En cette rentrée 2021, à Genève, on a pu découvrir la piste cyclable pérennisée sur la chaussée amont du Pont du Mont-Blanc. Enfin un aménagement définitif qui protège les cyclistes du trafic? Certes, mais c’est très peu, très tard, et très mal fait. actif-trafiC publie une vidéo qui démontre les problèmes de cette piste cyclable, avec une expérience pratique, chronomètre en main.
Un tel aménagement aurait pu éventuellement être salué il y a 10 ou 15 ans, lorsque la situation des pistes cyclables sur les quais était très différente et que le nombre de cyclistes à Genève était moindre. Mais en 2021, cette piste est largement insuffisante.

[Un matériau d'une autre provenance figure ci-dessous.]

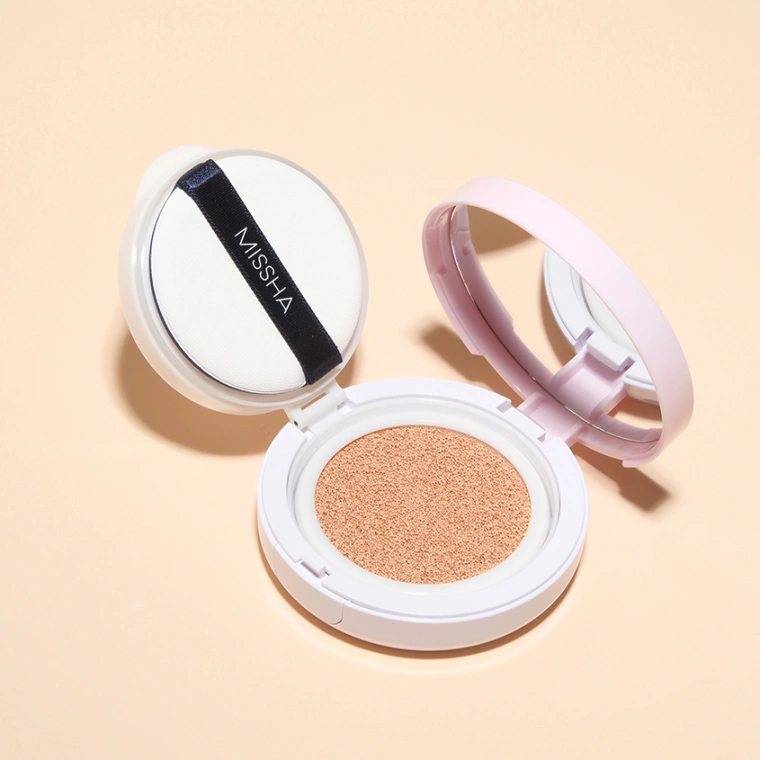 Тональная основа-кушон MISSHA – компактное стойкое тональное средство, которое всегда с собой. Кушон – это содержащий тональное средство спонж, который обеспечивает равномерное нанесение и экономичное дозирование косметического средства. Идеально подходит для коррекции макияжа в течение дня и легко поместится даже в маленькой сумочке. Благодаря тающей шелковистой текстуре тональное средство ложится на кожу тонкой вуалью, эффективно перекрывая тёмные круги под глазами, покраснения, пигментные пятна и следы от прыщей. Не создаёт ощущения маски, не закупоривает поры и не забивается в складки кожи. Может использоваться в качестве консилера.

Étroitesse excessive et mono-direction incohérente
Tout d’abord, elle est très étroite : selon nos mesures, elle atteint à peine le minimum de 1m25. Par comparaison, aux Pays-Bas, on recommande des pistes cyclables de 2m à 2m25 de large minimum. Berne prévoit de construire des pistes cyclables de 2m50 de large. Ici on est à moins de la moitié : inacceptable à l’heure où les vélos-cargos se multiplient et où les dépassements entre cyclistes sont rendus toujours plus indispensables vu la diversité des vitesses possibles des différents usagers·ères des pistes.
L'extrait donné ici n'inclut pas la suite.